Responsive classifiers against hate speech in low-resource settings

Informazioni relative al progetto

Respond2Hate

ID dell’accordo di sovvenzione: 101100870

DOI

10.3030/101100870

Progetto chiuso

Data della firma CE 16 Giugno 2023

Data di avvio 1 Novembre 2023

Data di completamento 30 Aprile 2025

Finanziato da

European Research Council (ERC)

Costo totale

Nessun dato

Contributo UE

€ 150 000,00

Coordinato da

LUDWIG-MAXIMILIANS-UNIVERSITAET MUENCHEN
Germany

Periodic Reporting for period 1 - Respond2Hate (Responsive classifiers against hate speech in low-resource settings)

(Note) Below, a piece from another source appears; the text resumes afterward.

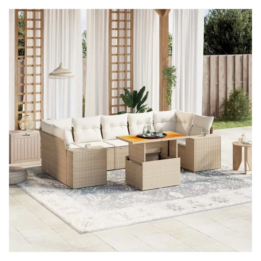 Cet ensemble de canapés de jardin est le complément parfait de votre arrière-cour, terrasse ou patio, offrant un espace confortable et accueillant pour discuter avec la famille et les amis ou simplement se détendre et profiter de l'extérieur. Matériau durable : la résine tressée, également connue sous le nom de poly rotin, est un matériau synthétique solide et nécessitant peu d'entretien qui ressemble au rotin naturel. Il est léger, facile à nettoyer et couramment utilisé pour les meubles d'extérieur en raison de sa durabilité et de ses propriétés de résistance aux intempéries.Dessus de table réglable : le dessus de table peut être soulevé pour rendre la table plus haute, ce qui transforme la table d'extérieur d'une table basse à une table de salle à manger. Elle est parfaite pour recevoir des invités ou prendre des repas à l'extérieur.Expérience d'assise confortable : ce mobilier d'extérieur, doté de coussins épais, offre une expérience d'assise confortable.Housse amovible et lavable : ces coussins de siège sont dotés de housses amovibles pour un lavage et un entretien faciles.Conception modulaire : cet ensemble de meubles d'extérieur a une conception modulaire, ce qui le rend complètement flexible et facile à déplacer, afin que vous puissiez créer un agencement de meubles d'extérieur personnalisé. Bon à savoir :Pour que vos meubles d'extérieur restent beaux, nous vous recommandons de les protéger avec une housse imperméable.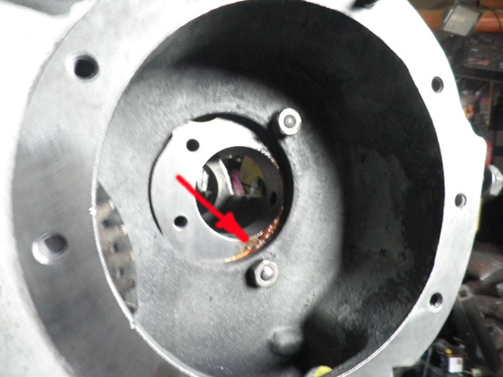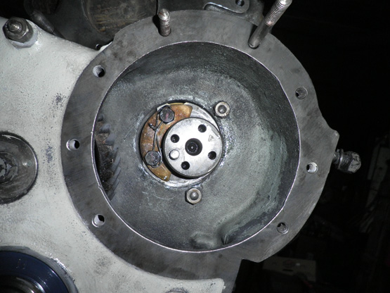 Das nächste ist das Nockenwellenrad . Man muss nur auf die Markierung achten. Am Bild eingezeichnet ein Strich am Zahnrad einer am Gußgehäuse. Man schraubt das Rad mit 2 Schrauben Diagonal rein. |

Periodo di rendicontazione: 2023-11-01 al 2025-04-30

Online hate speech poses a global challenge, significantly impacting marginalized communities by creating unsafe digital environments and perpetuating discrimination and violence. Despite extensive efforts by major tech companies to curb online hate speech using advanced natural language processing (NLP) technologies, their solutions predominantly cater to high-resource languages due to extensive dataset requirements. Consequently, communities speaking low-resource languages, often concentrated in regions of the Global South, remain vulnerable due to the lack of effective tools to counter online hate speech.

The Respond2Hate project addresses this critical gap by creating innovative, client-side solutions empowering individual users, especially in low-resource linguistic contexts, to proactively detect and filter out hate speech. The project's objective is to leverage state-of-the-art NLP techniques, particularly low-resource transfer learning and few-shot learning methods, to build adaptive and personalized models that users can easily deploy and adjust according to their specific cultural and social contexts. This approach democratizes hate speech detection, ensuring broader and more inclusive online safety.

Respond2Hate successfully completed all planned project milestones and deliverables:

- Market Report: An in-depth market and competitor analysis was conducted, identifying key differentiators and strategic entry points. Unlike existing English-focused, server-based hate speech solutions, Respond2Hate uniquely emphasizes client-side processing, ensuring privacy and customization. Additionally, a user survey conducted in the targeted markets revealed significant demand for such a tool, highlighting that individuals are frequently exposed to hate speech daily. Limited consultations with selected NGOs indicated that user-driven customization, regulatory compliance, and scalability could be important advantages. Initial target markets identified include Ukrainian and Afrikaans-speaking regions, with plans for expansion leveraging linguistic and cultural proximity.

- High-Quality Hate Speech Dataset (REACT): We developed a comprehensive, culturally-informed dataset curated by expert native or highly proficient speakers. The dataset categorizes data by sentiment polarity (positive, neutral, hateful) and distinguishes between profanity and hate speech. It was primarily inspired by social media posts and other content from regional online platforms, covering marginalized groups, including LGBTQ+ communities and war victims, across various low-resource languages.

- Responsive Hate Speech Classifier Models: We created a simulated federated learning (FL) framework enabling privacy-preserving, on-device hate speech detection. The project innovatively combined general federated learning with personalization strategies (FedPer) and client-specific adapter layers. Models were rigorously tested with zero-shot and few-shot learning scenarios to assess adaptability. Additionally, a multilingual language model specifically fine-tuned on REACT datasets provided the foundation for effective online real-time hate speech classification.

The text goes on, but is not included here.